Problem number one is in general that information can only travel so fast. The speed of light is the theoretical limit, but practically it’s less than that since we’re using fibre and copper for data transmission. On top of that you have network switching equipment and more that adds latency. So there are three possible solutions: solution one is that your game is only played in local area networks where the latency is negligible low, solution two is ignoring the issue altogether and let the players compensate for the “lag” themselves, solution three would be to apply clever tricks to compensate for the latency.

While the network latency improved over time we’re now getting close the physical limits and the problem is not gone.
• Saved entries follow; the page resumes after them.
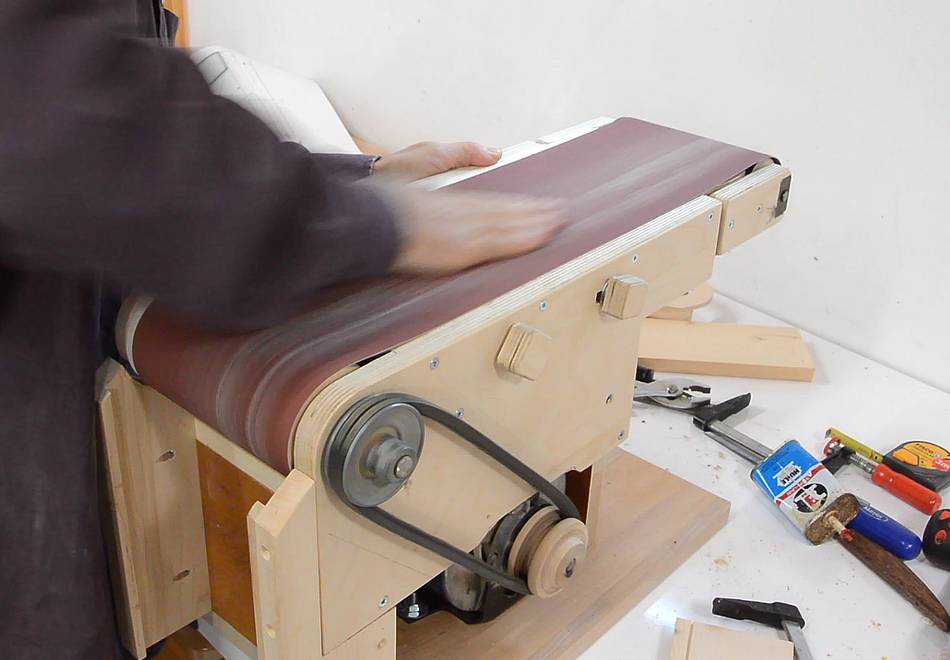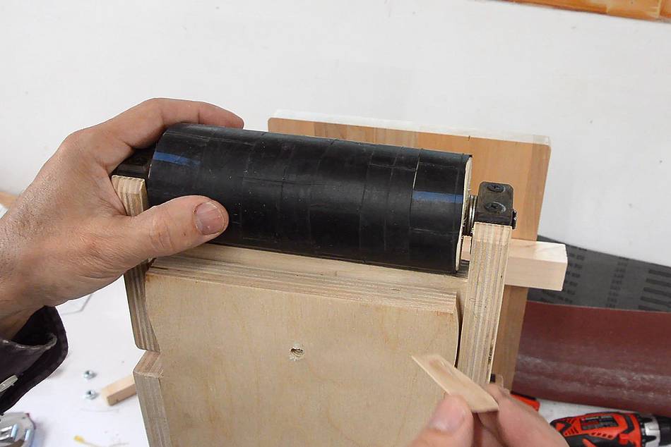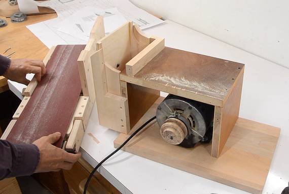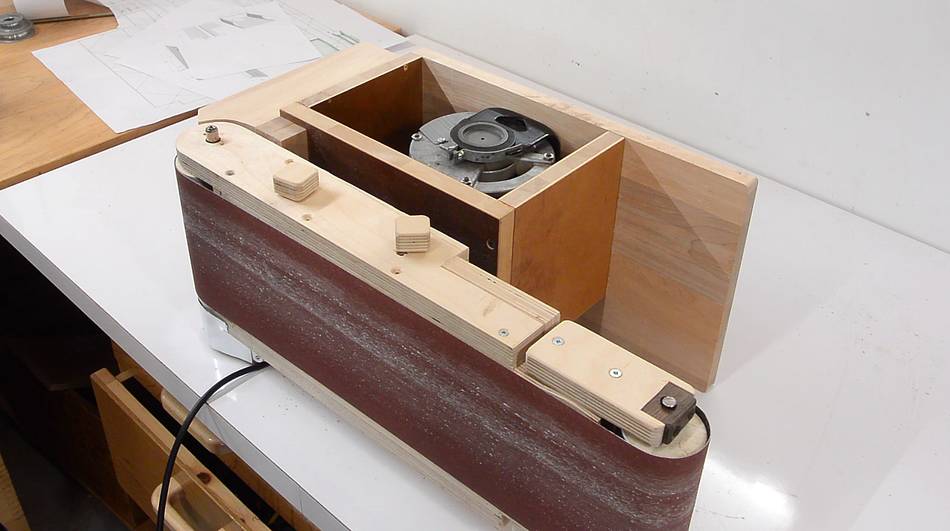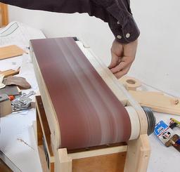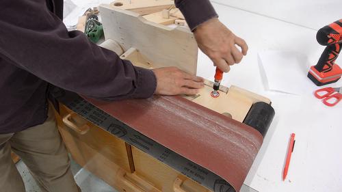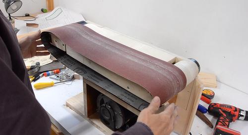 Then, with the new bracket in place, I slid a sanding belt half-way on the
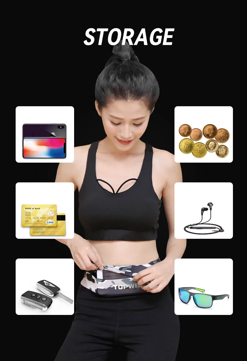 Invisible Gym Running Waist Bag Lightweight Marathon Yoga Belt Fanny Pack 7 inch Zipper Pocket Fitness Sport Phone Pouch
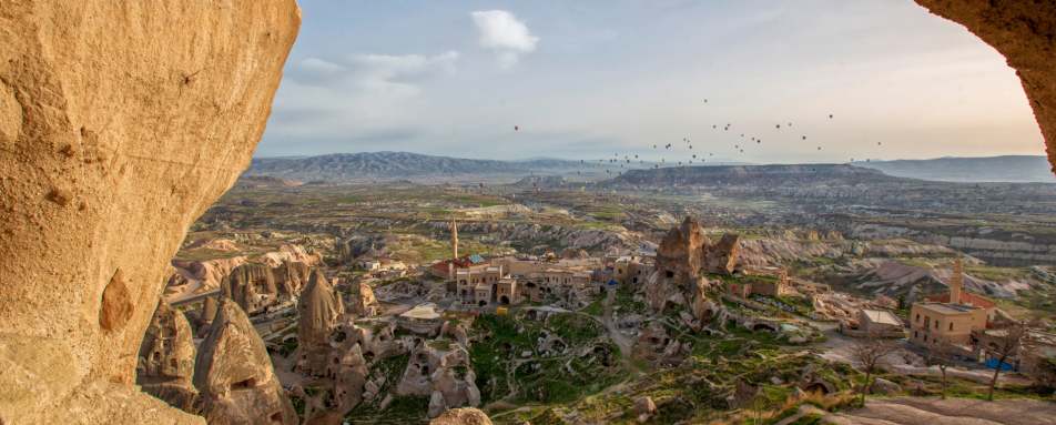 Experience the vast landscapes of Cappadocia from a hot air balloon

In fact we’re not interacting with people from across the globe whereas previously communities were less distributed.

So what games are doing is tricking the player into believing that there is no lag. For many games you won’t notice a latency of 150ms all that much from the general gameplay. You will notice that with raising latency your general performance declines but unless you are experienced you probably could not attribute it to the latency directly.

Basic Operation

A modern networked shooter usually consists of two entities. A host and a client. The host simulates the game at a specific rate (for instance 20 ticks per second) and will inform all the clients about changes on the server by sending out updates of the game world at a fixed update rate. The clients get that information and draw what’s happening on their screen.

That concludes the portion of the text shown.